Administration of Scheduled Area
The scheduled areas are treated differently from the other areas in the country because they are inhabited by ‘aboriginals’ who are socially and economically rather backward, and special efforts need to be made to improve their condition. Therefore, the whole of the normal administrative machinery operating in a state is not extended to the scheduled areas and the Central government has somewhat greater responsibility for these areas’.
The various features of administration contained in the Fifth Schedule are as follows:
1. Declaration of Scheduled Areas: The president is empowered to declare an area to be a scheduled area. He can also increase or decrease its area, alter its boundary lines, rescind such designation or make fresh orders for such redesignation on an area in consultation with the governor of the state concerned.
2. Executive Power of State and Centre: The executive power of a state extends to the scheduled areas therein. But the governor has a special responsibility regarding such areas. He has to submit a report to the president regarding the administration of such areas, annually or whenever so required by the president. The executive power of the Centre extends to giving directions to the states regarding the administration of such areas.
3. Tribes Advisory Council: Each state having scheduled areas has to establish a tribes advisory council to advise on welfare and advancement of the scheduled tribes. It is to consist of 20 members, three-fourths of whom are to be the representatives of the scheduled tribes in the state legislative assembly. A similar council can also be established in a state having scheduled tribes but not scheduled areas therein, if the president so directs.
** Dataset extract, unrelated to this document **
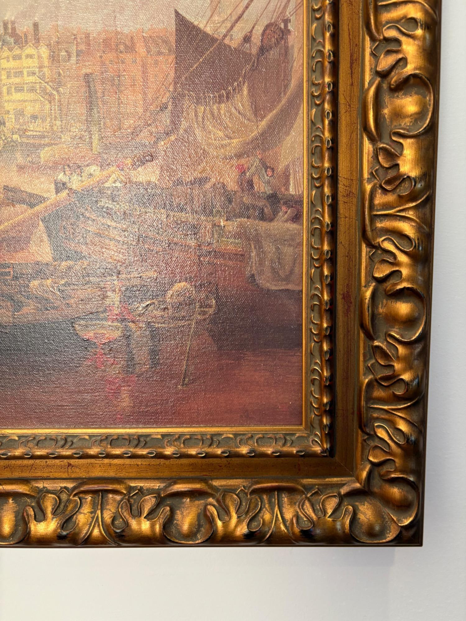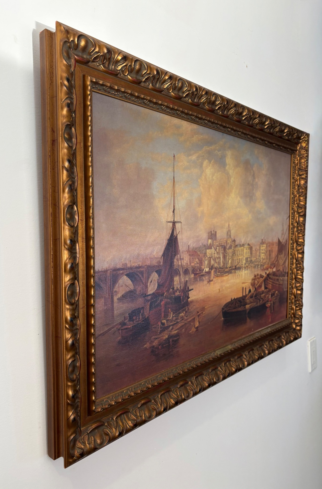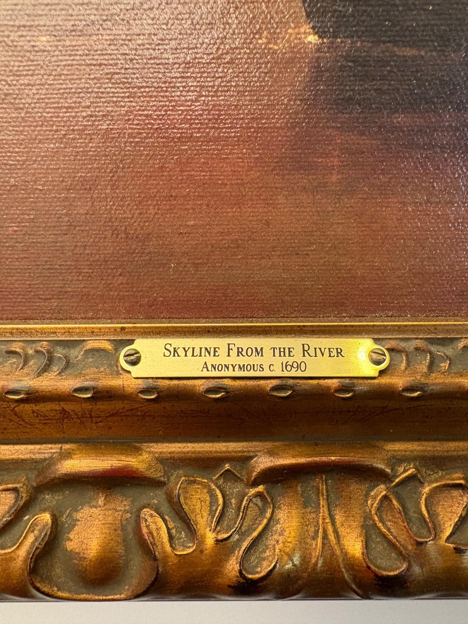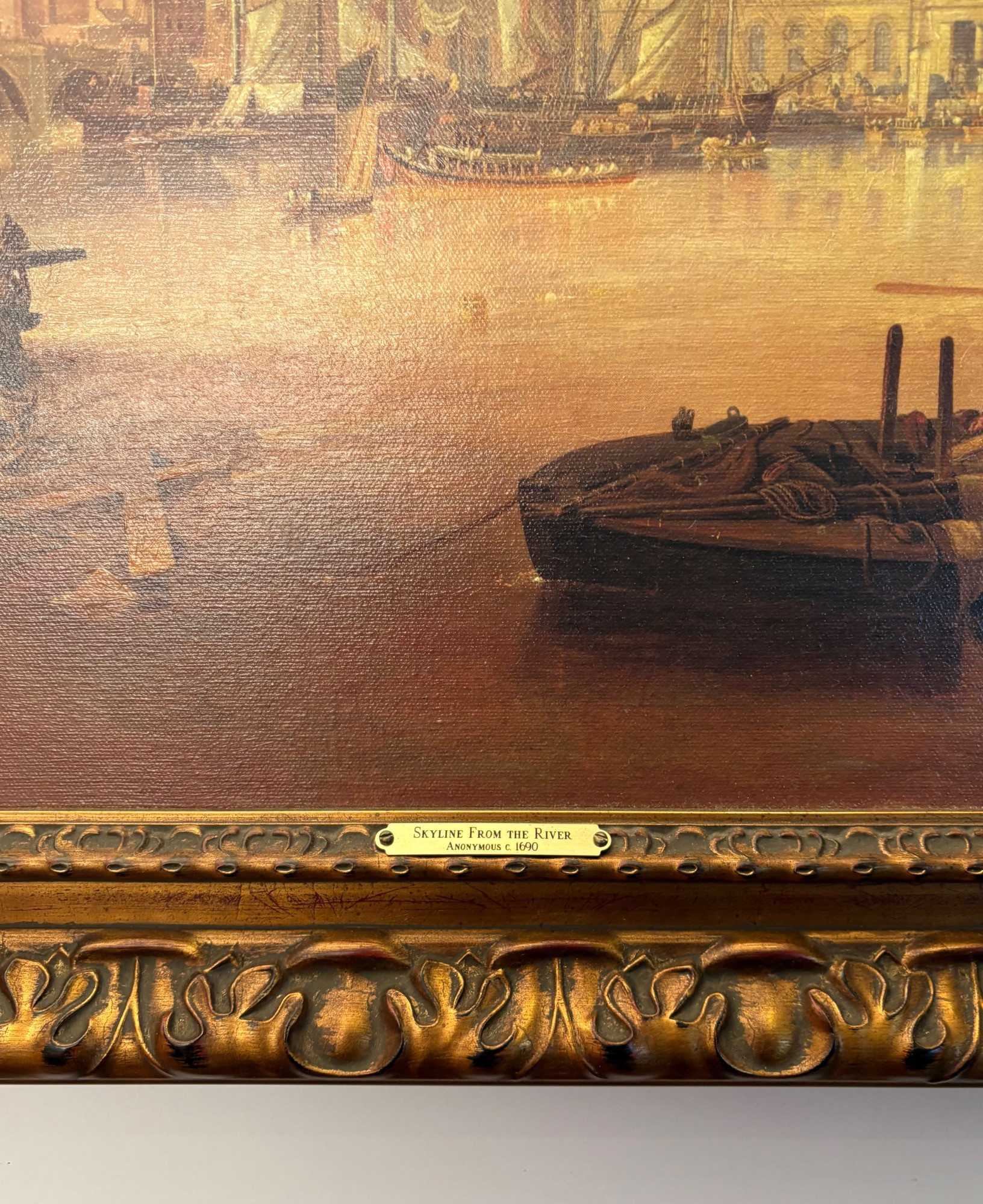 “Skyline from the River” by an anonymous painter circa 1690. Reproduction painting on canvas in an ornate gold wood frame. Medium sized piece at about 2' high by 3' wide framed. Please note there is a small piece of the right top frame that has gone missing. It could easily be touched up with gold paint & wouldn't be noticeable. From Around the Corner Fine Art of Virginia known for producing high quality reproductions & frames in the 1980s & 1990s (Sadly, they appear to have closed shop in the early 2000s). We found a catalogue offering many of the exact works our client owned that roughly aligns with our client's purchase dates (pre-internet when everything was phone ordered or mail ordered). For those curious about the original price range/production of the paintings, see catalogue info in photos below after the listing photos. Can be shipped FedEx.

4. Law applicable to Scheduled Areas: The governor is empowered to direct that any particular act of Parliament or the state legislature does not apply to a scheduled area or apply with specified modifications and exceptions. He can also make regulations for the peace and good government of a scheduled area after consulting the tribes advisory council. Such regulations may prohibit or restrict the transfer of land by or among members of the scheduled tribes, regulate the allotment of land to members of the scheduled tribes and regulate the business of moneylending in relation to the scheduled tribes. Also, a regulation may repeal or amend any act of Parliament or the state legislature, which is applicable to a scheduled area. But, all such regulations require the assent of the president.
The Constitution requires the president to appoint a commission to report on the administration of the scheduled areas and the welfare of the scheduled tribes in the states. He can appoint such a commission at any time but compulsorily after ten years of the commencement of the Constitution. Hence, a commission was appointed in 1960. It was headed by U N Dhebar and submitted its report in 1961. After four decades, the second commission was appointed in 2002 under the chairmanship of Dilip Singh Bhuria. It submitted its report in 2004.